[Opening Entries provided section]

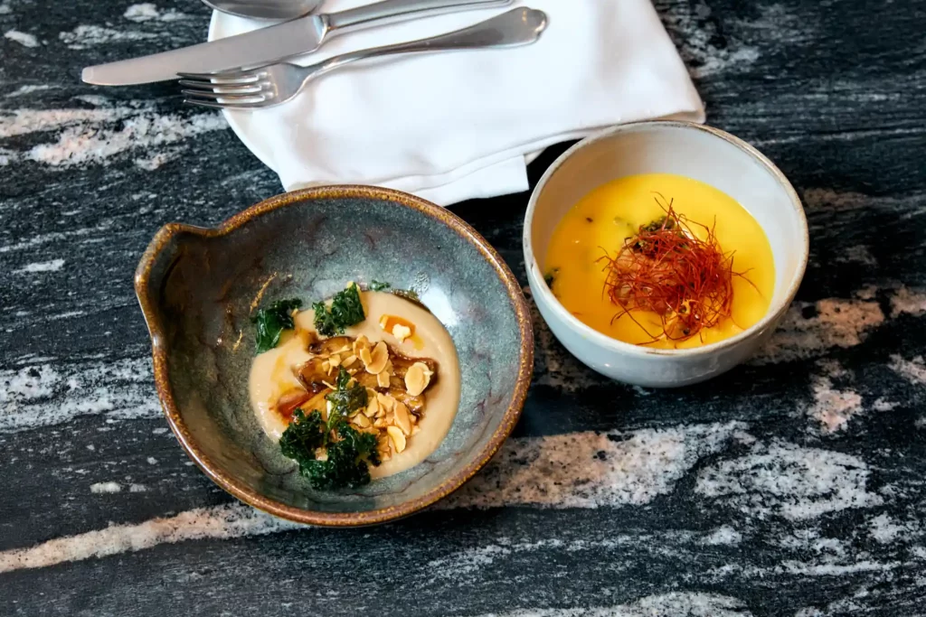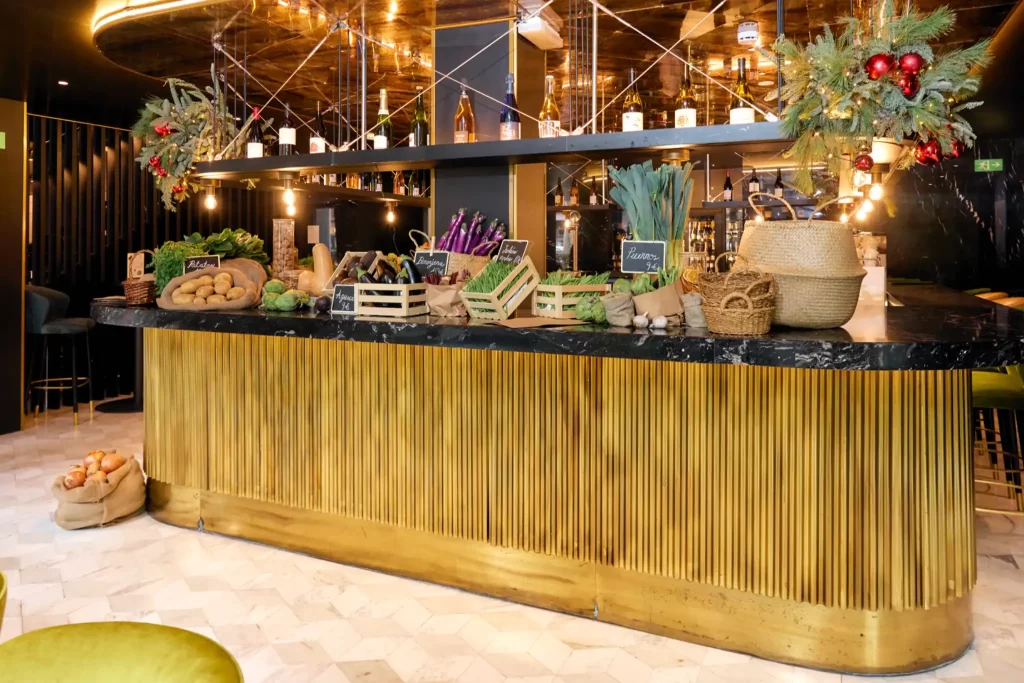 El concepto es tan sencillo como revolucionario. Al llegar, el comensal se encuentra con un auténtico mercado de productos locales y ecológicos instalado dentro del restaurante. Hortalizas de temporada, verduras recién recolectadas y productos de proximidad cuidadosamente seleccionados se exhiben como pequeñas joyas naturales.
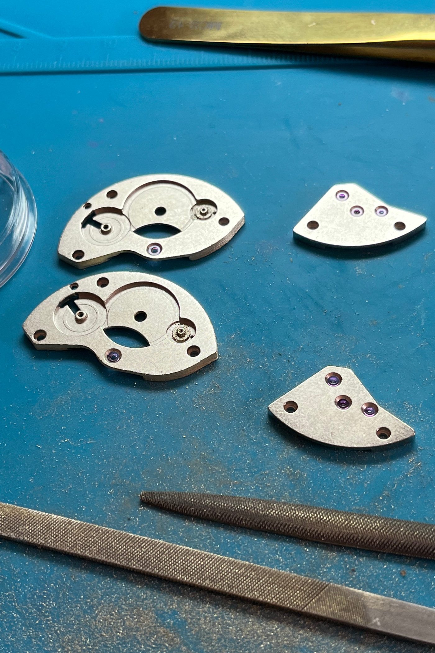 I try to do as much as I can myself. I work from home and have a very small workshop set up in my house. I try to do as much of the finishing myself, such as the decoration on the ratchet wheel, the anglage, electroplating etc. I also do the testing, the assembly and everything. And I’ve reshaped some of the bridges too. I am alone, so I do everything I can by myself.
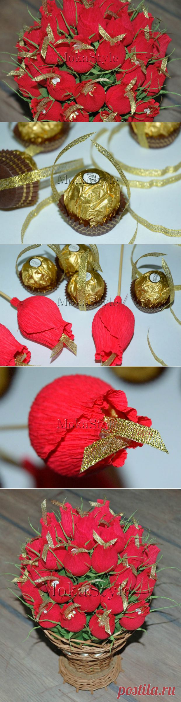 Мастера рукоделия - рукоделие для дома. Бесплатные мастер-классы, фото и видео уроки - Мастер-класс по букетам из конфет: Бутоны роз
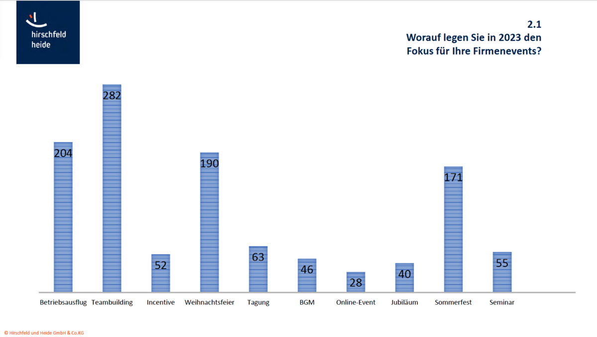 Die Umfrage ergab, das der Schwerpunkt von Firmenevents im Umfragejahr 2023, also kurz nach der Corona-Pandemie, auf Teamevents und Teambuilding-Events lag. 282 Stimmen wurden für diese Event-Art abgegeben. Rechnet man die Stimmen für die Firmen-Weihnachtsfeier, das Sommerfest und den Betriebsausflug auch im Umfeld von Teambuilding-Maßnahmen und Teamevents hinzu, so ergibt sich folgendes Bild: Deutsche Unternehmen aller Größenordnung setzen vermehrt auf Team-Events oder zumindest auf Firmenevents mit starkem Fokus auf die Mitarbeiter ( Tagungen und Seminare rangieren zumindest bei der befragten Zielgruppe abgeschlagen (63 bzw. 55 Stimmen). Bei dieser Fragestellung war eine Mehrfachnennung möglich.
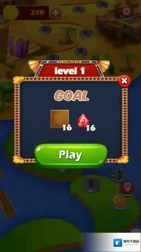 2、埃及风格的关卡内宝石闪耀,尝试交换相邻宝石,让三颗及以上同色宝石相连,触发带有法老元素的消除特效,推进关卡进程。

[Closing Entries provided section]

**Work order**
Leaving out the pictures, restate the listing above exactly.

**The completed task**
 El concepto es tan sencillo como revolucionario. Al llegar, el comensal se encuentra con un auténtico mercado de productos locales y ecológicos instalado dentro del restaurante. Hortalizas de temporada, verduras recién recolectadas y productos de proximidad cuidadosamente seleccionados se exhiben como pequeñas joyas naturales.
 I try to do as much as I can myself. I work from home and have a very small workshop set up in my house. I try to do as much of the finishing myself, such as the decoration on the ratchet wheel, the anglage, electroplating etc. I also do the testing, the assembly and everything. And I’ve reshaped some of the bridges too. I am alone, so I do everything I can by myself.
 Мастера рукоделия - рукоделие для дома. Бесплатные мастер-классы, фото и видео уроки - Мастер-класс по букетам из конфет: Бутоны роз
 Die Umfrage ergab, das der Schwerpunkt von Firmenevents im Umfragejahr 2023, also kurz nach der Corona-Pandemie, auf Teamevents und Teambuilding-Events lag. 282 Stimmen wurden für diese Event-Art abgegeben. Rechnet man die Stimmen für die Firmen-Weihnachtsfeier, das Sommerfest und den Betriebsausflug auch im Umfeld von Teambuilding-Maßnahmen und Teamevents hinzu, so ergibt sich folgendes Bild: Deutsche Unternehmen aller Größenordnung setzen vermehrt auf Team-Events oder zumindest auf Firmenevents mit starkem Fokus auf die Mitarbeiter ( Tagungen und Seminare rangieren zumindest bei der befragten Zielgruppe abgeschlagen (63 bzw. 55 Stimmen). Bei dieser Fragestellung war eine Mehrfachnennung möglich.
 2、埃及风格的关卡内宝石闪耀,尝试交换相邻宝石,让三颗及以上同色宝石相连,触发带有法老元素的消除特效,推进关卡进程。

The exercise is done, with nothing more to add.